Writing is also like that. Right now if I start thinking of something other than the moment with these ideas and my fingers hitting the keys, I would lose what I was intending to write and have to start over. Writing is very much an 'in the moment' experience for me anyway.

What I think being in the moment does for art is let energy flow freely using whatever medium we have. It is being constantly aware of what is out there. Now I might not always be the best conduit for that energy. Sometimes I have to go back and relearn some techniques or remind myself of rules; but it's in  opening myself to being mindful of what I am feeling, to what I am seeing, that's when I have the best chance of feeling the flow and going with it. I will know it's happening, let my body do what it must, but it's all about now.

It's not like I want to never plan an art project or something I will write. That happens in my head during other things (sometimes distracting me from those moments), but I try not to let them take over what is happening to the point that I am living in a dreamworld. It's easy to have happen and miss the real moments that are right there, right now.

4 comments:

Paul said...

Rain read some of Baba Ram Dass' books ! :-)

Rain Trueax said...

He was at Breitenbush to speak after his stroke but I didn't get there to see him. i particularly like the music by the one who frequently travels with him whose name escapes me. He has one song where the Hindu sacred music blends right into Amazing Grace. It made me cry the first time I heard it. Ram something also and for the life of me can't remember his name from before either... but on that album he has songs with Sting also; so very good musically and meditatively

Diane Widler Wenzel said...

My accordion folded watercolor journals are a record of one moment after another. i am also enjoying working on two paintings at once so I do not feel trapped into asking what part is most acceptable and forcing all areas to conform to a favorite part. Deciding to fix parts is like being distracted from the moment.

Darlene said...

A thought occurred to me as I read your post; it is that love is a necessary emotion for survival. If a parent (human, animal or fowl) didn't automatically love their baby unconditionally they would never endure the hard work of raising that child to adulthood and, in many cases, the child would not survive. True love is a necessary emotion that we are born with. I guess you could say it is an instinct like fight or flight.

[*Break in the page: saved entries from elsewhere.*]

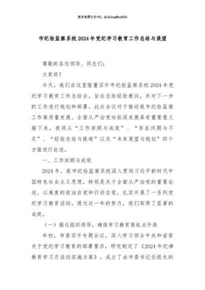 【七哥公文】2024年:市纪检监察系统2024年党纪学习教育工作总结与展望+更多免费公文+VX:QiGeGongWen2024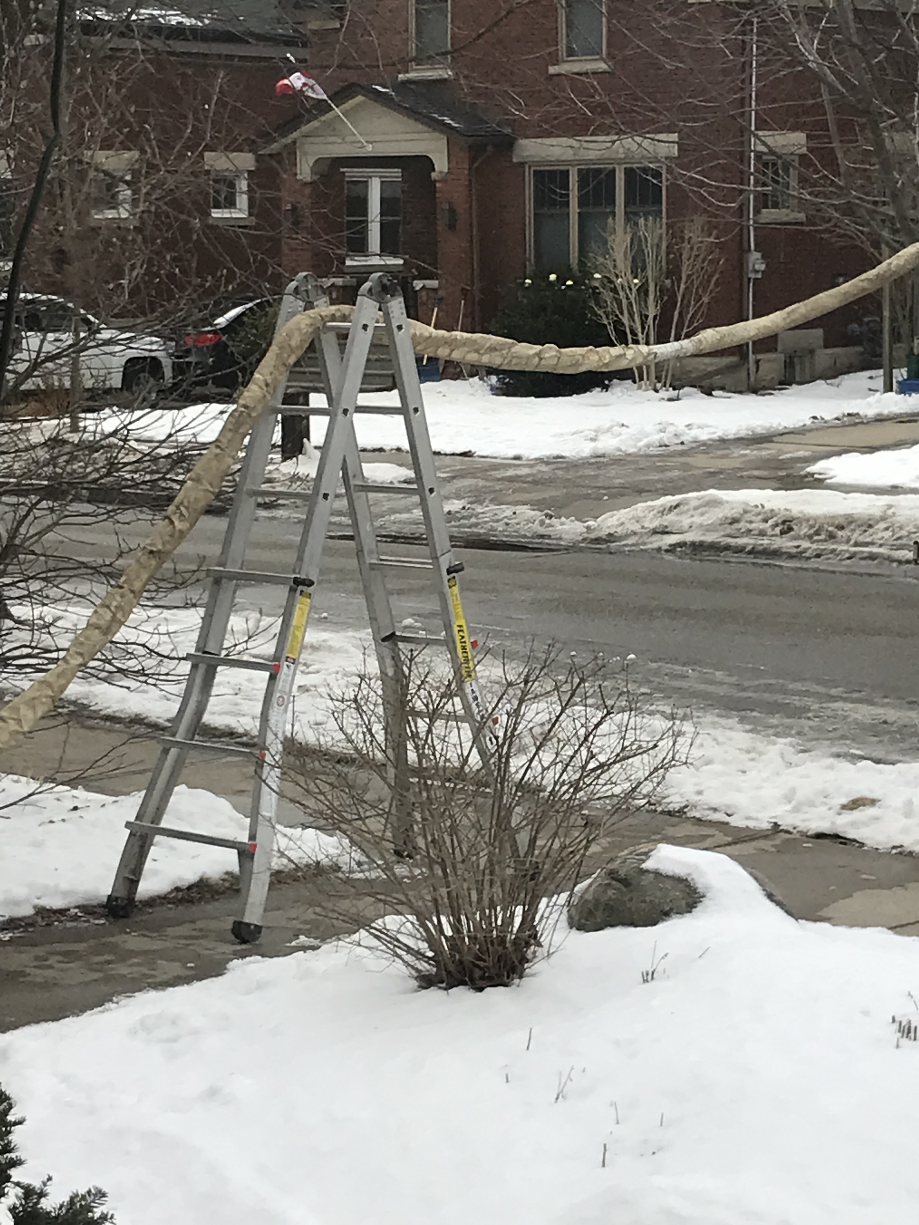Today was spray foam day. In order not to block the sidewalk, they draped their hose from their truck across a ladder placed on the walkway to our house.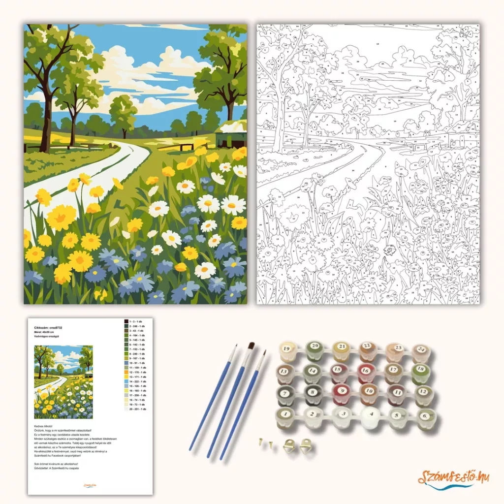 A képen egy kanyargó országút vezet a tavaszi mezők között, zöld fák és bokrok kíséretében. Az előtérben vadvirágok nyílnak: margaréták és sárga, valamint apró kék virágok. A világos ég és a puha felhők nyugodt, friss hangulatot adnak a tájnak. Engedd szabadjára a kreativitásodat, és alkoss egy különleges műalkotást, amely otthonod dísze lehet de egyedi ajándékként is kiváló. A számfestő készletben minden szükséges eszközt megtalálsz a tökéletes végeredményhez.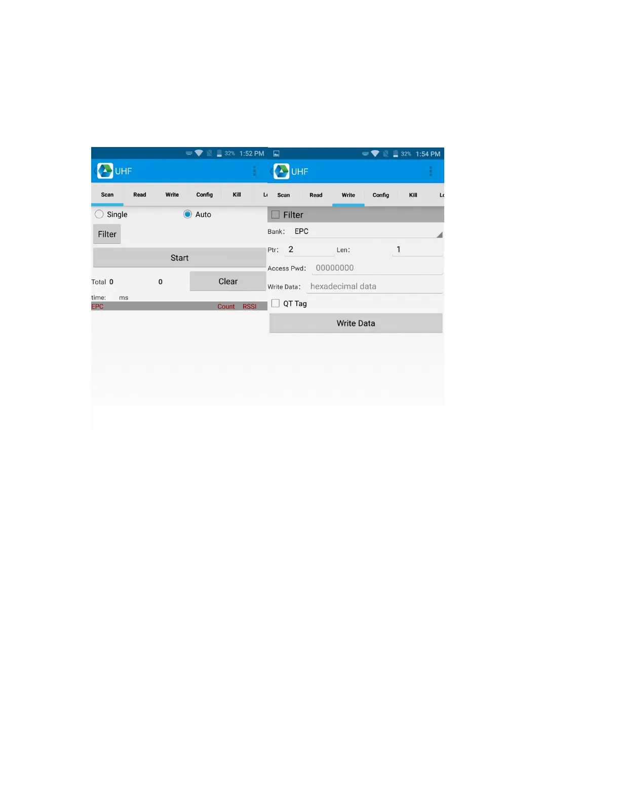 Click App Center, open UHF to scan, read and write tag information,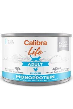 Calibra Cat Life Adult Chicken – receptura konzervy s kuřecím, která je určená pro dospělé kočky.Kompletní vlhké krmivo je založeno na jediném druhu proteinu, receptura je sestavena z limitovaného počtu ingrediencí. Složení konzervy je bezobilninové a bezlepkové, což má vliv na lehkou stravitelnost. Obsahuje jen 100% specifikované suroviny té nejvyšší kvality.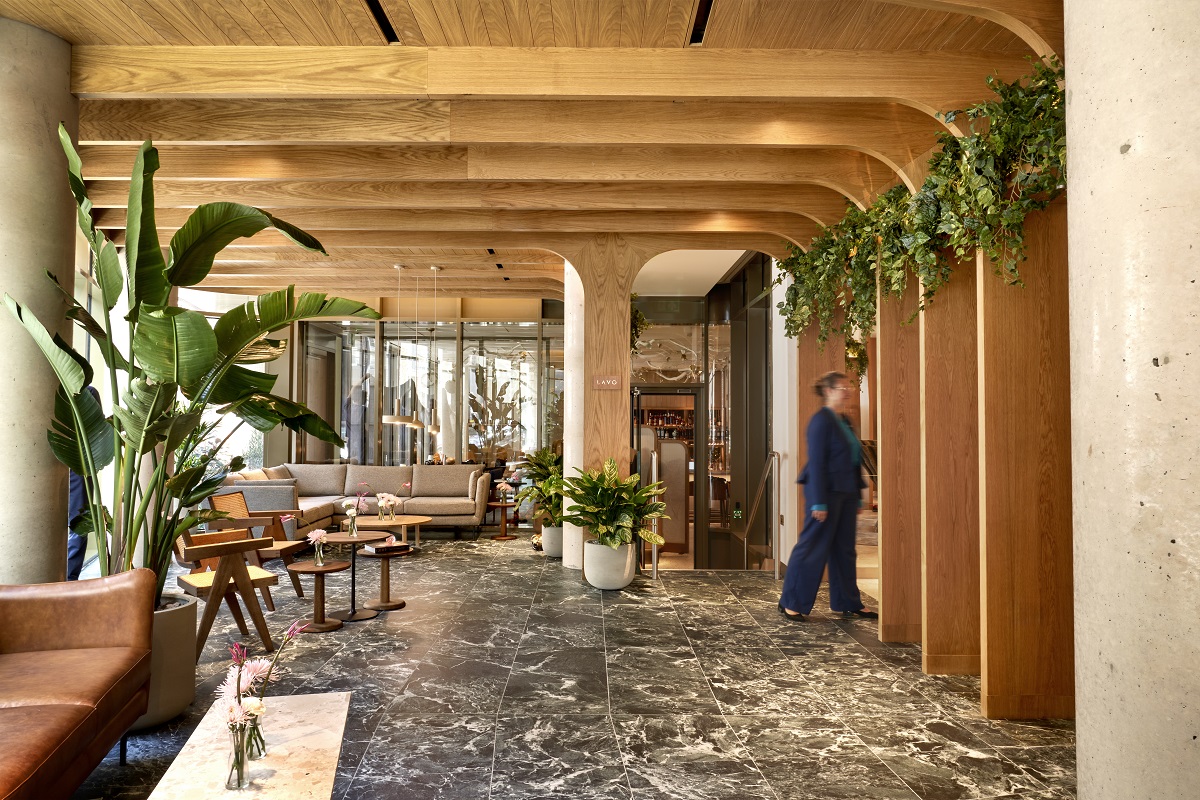 BoTree 酒店的原址经过改造后,成为一家全新的豪华酒店。酒店的设计和材质尊重玛丽波恩巷和韦尔贝克街现有的建筑特色,并对正面和公共区域进行了积极的改造。内部采用大胆的色彩,辅以天然材料和精致的灯光,营造出舒适的空间,散发出优雅的气息,吸引人们前来聚会和社交。一进门,宾客就会被迎进一个诱人的空间,这里摆放着鲜花和茂盛的植物,灵感来自玛丽伯恩巷的活力。大堂犹如一座现代温室,为宾客营造了一个温馨的居住和交流环境。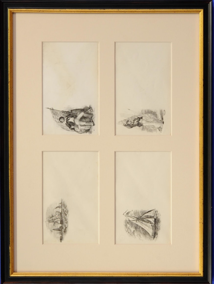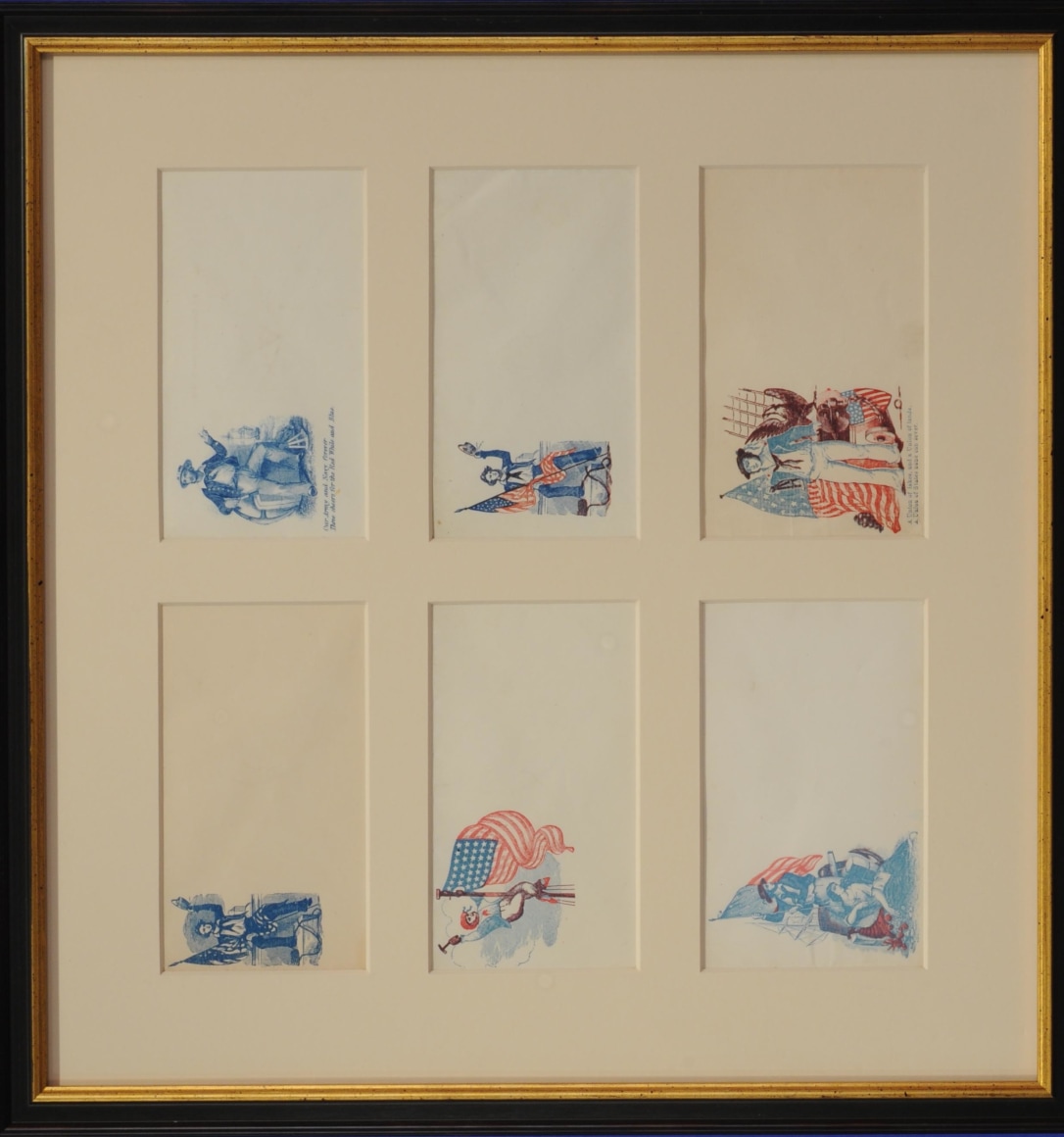 Group of ten (10) engraved nautical and patriotic envelopes, circa 1860. Four envelopes are black and white with two showing images of boats and the other two are images of sailors holding American flags. These four envelopes have been archivally matted and framed as a set. There is a second set of six envelopes, all showing patriotic images of sailors. These envelopes are also archivally mounted and framed. (PR-1182)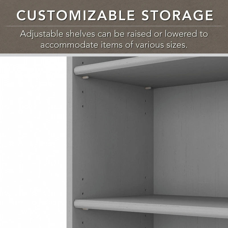 The Bush Furniture Fairview 60W L Shaped Desk with Hutch and 5 Shelf Bookcase offers a practical home office solution with modern farmhouse style. Enjoy your morning coffee, surf the net and pay bills with plenty of room to spare on the L Desk's durable work surface. Stash pens and paper in the box drawer and open cubby while keeping mail organized inside the letter-size file drawer. A vertical storage cabinet contains one adjustable shelf to accommodate materials of various sizes, and a convenient drawer with a drop-down front makes an ideal keyboard tray or laptop storage shelf. Along with two closed storage areas highlighted by stylish louvered doors, the Hutch features a large shelf with more than enough space for books, binders and decorations. Three smaller shelves keep work-in-progress organized so you can access current projects without breaking focus. The tall Bookcase includes three adjustable shelves for flexible storage and two fixed shelves for stability, making it easy to showcase your personal library along with pictures and home decor. Available in a variety of distressed finish options, all complemented by Antique Pewter hardware. This farmhouse desk set is tested to meet ANSI/SOHO standards for safety and performance and is backed by the Bush Furniture 6 Year Manufacturer's Warranty. See the full collection for coordinating items available.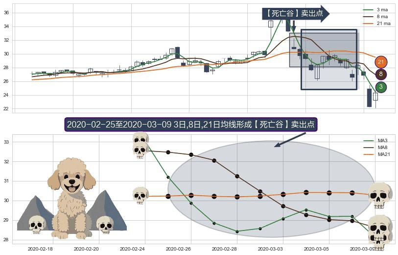 ⚀ 2020-02-26-日至2020-03-09-日显现 3日-8日-21日均线 【死亡谷】卖出点 看空信号,后市看跌,卖出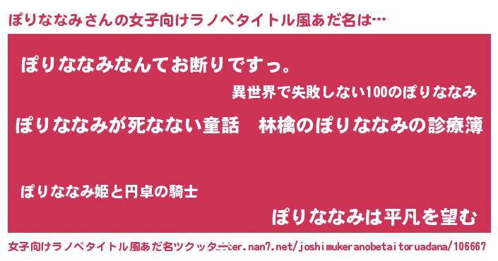 | 男性向けラノベタイトル風あだ名 | 『魔弾の王とぽりななみ』 |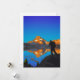 Stylized art of hiker overlooking Thousand island lake and Banner Peak at sunrise with "John Muir Trail" text. California, Sierra Nevada Mountains, Ansel Adams Wilderness, Thousand Island Lake. John Muir Trail Mile 044.

No love is greater than the unconditional love of a mother for her baby. It asks nothing in return and the mother willingly does what is best for the baby, no matter the sacrifice. Of course, I am speaking of normal mothers and not those psychotic aberrations that sometimes occur in nature.

I know of no other love greater than that of a parent. It is the one pure unselfish love.

I am, of course, aware that even in that unselfish love there are degrees and some parents cease to be nurturing, but the initial instinct is to protect the baby from harm.